## WHAT YOU WILL DO
Please write out every line of the material, leaving out any picture.
* * * *
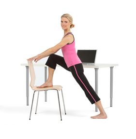 Apoya tus manos en el respaldo, aleja el pie de atras
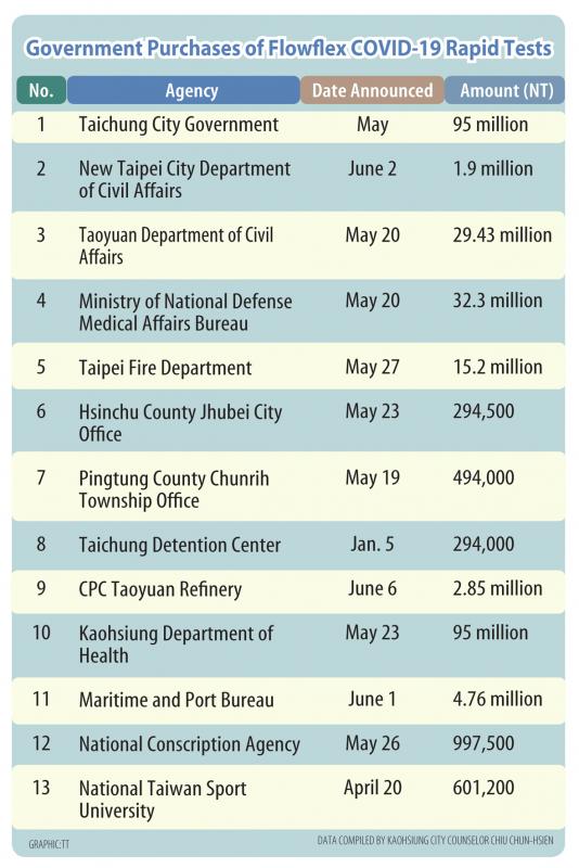 After Safeway OA obtained an EUA for importing Flowflex, it received orders from 13 agencies, including the Ministry of National Defense’s Medical Affairs Bureau, the Zhubei Township Administration Office, the Taichung Department of Health and the Kaohsiung Department of Health, Democratic Progressive Party Legislator Lin Chun-hsien (林俊憲) said.
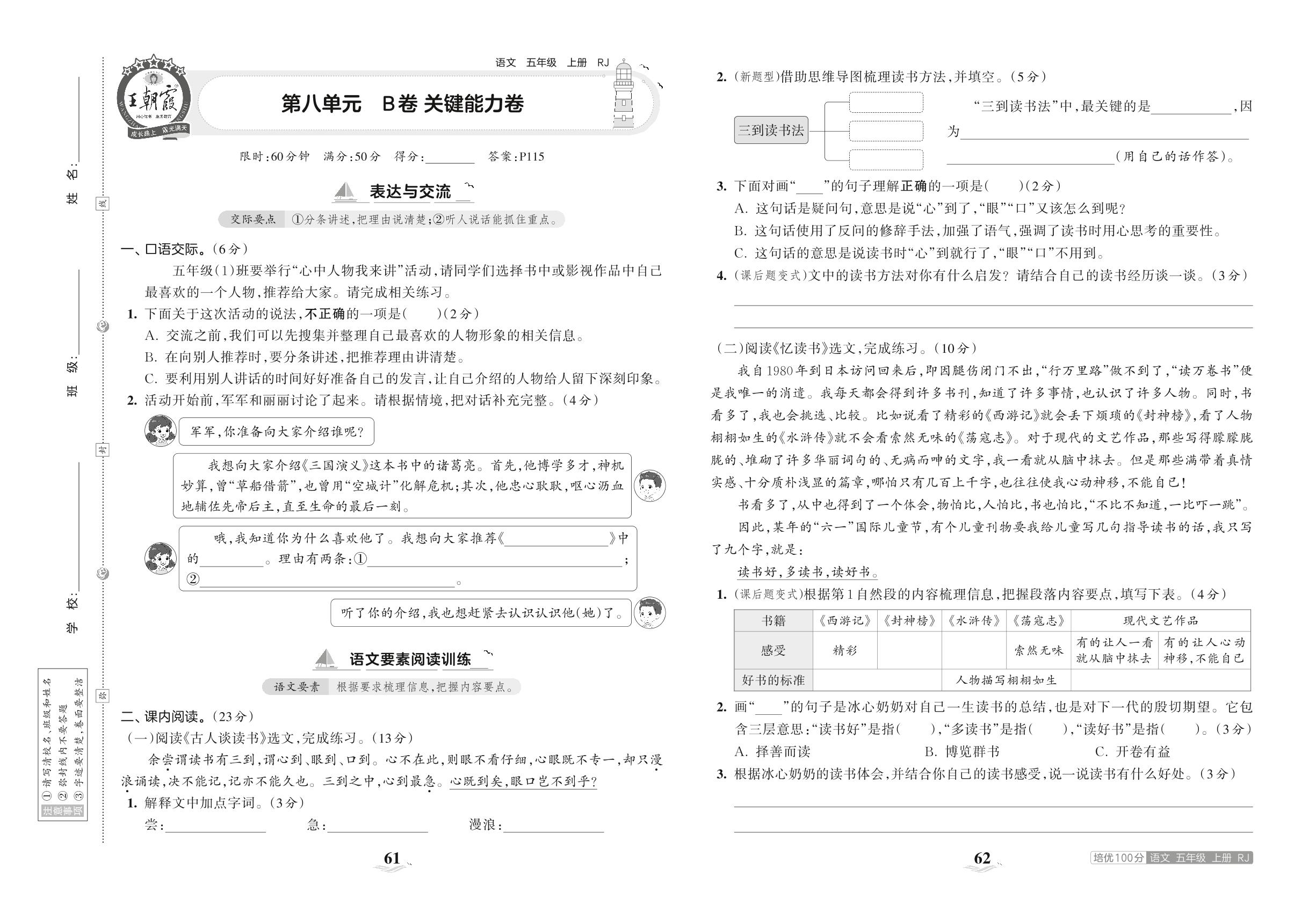 2023上册五年级语文人教版 第八单元 B卷 关键能力卷
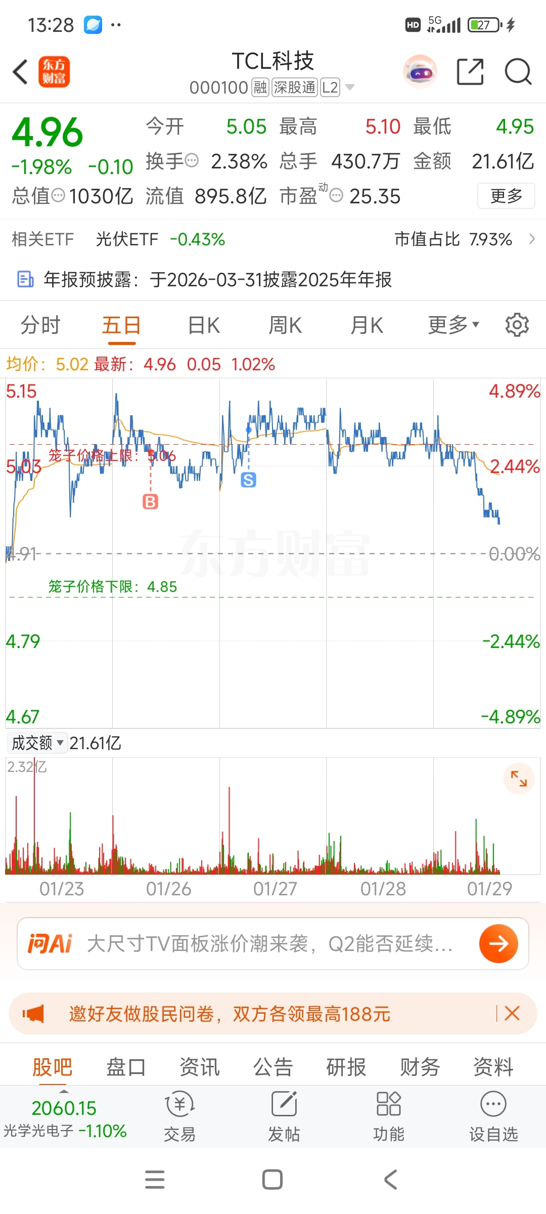 $TCL科技(SZ000100)$ 5.05买的,5.08卖了。不和恐怖份子为伍,早走早安心!
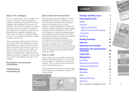 "The seventh edition of a very useful and attractively presented catalogue, which contains a collection of resources designed for building the capacity and supporting the training strategies of all stakeholders in the book chain, especially in Africa and the Caribbean. The material was chosen through consultation with partners and professionals in librarianship, publishing and bookselling, and is designed to highlight new subject areas not covered in traditional academic courses, such as monitoring and evaluation, reading promotion and advocacy. Titles are grouped broadly by subject areas including writing, design and production, editorial functions and procedures, librarianship, bookselling, marketing and promotion, management, legal issues, reference, and the catalogue also offers a range of resources on ICT and the Internet." (Hans M. Zell, Publishing, Books & Reading in Sub-Saharan Africa, 3d ed. 2008, nr. 2450)
* * * *
## RESPONSE FOR THIS EXERCISE
 Apoya tus manos en el respaldo, aleja el pie de atras
 After Safeway OA obtained an EUA for importing Flowflex, it received orders from 13 agencies, including the Ministry of National Defense’s Medical Affairs Bureau, the Zhubei Township Administration Office, the Taichung Department of Health and the Kaohsiung Department of Health, Democratic Progressive Party Legislator Lin Chun-hsien (林俊憲) said.
 2023上册五年级语文人教版 第八单元 B卷 关键能力卷
 $TCL科技(SZ000100)$ 5.05买的,5.08卖了。不和恐怖份子为伍,早走早安心!
 "The seventh edition of a very useful and attractively presented catalogue, which contains a collection of resources designed for building the capacity and supporting the training strategies of all stakeholders in the book chain, especially in Africa and the Caribbean. The material was chosen through consultation with partners and professionals in librarianship, publishing and bookselling, and is designed to highlight new subject areas not covered in traditional academic courses, such as monitoring and evaluation, reading promotion and advocacy. Titles are grouped broadly by subject areas including writing, design and production, editorial functions and procedures, librarianship, bookselling, marketing and promotion, management, legal issues, reference, and the catalogue also offers a range of resources on ICT and the Internet." (Hans M. Zell, Publishing, Books & Reading in Sub-Saharan Africa, 3d ed. 2008, nr. 2450)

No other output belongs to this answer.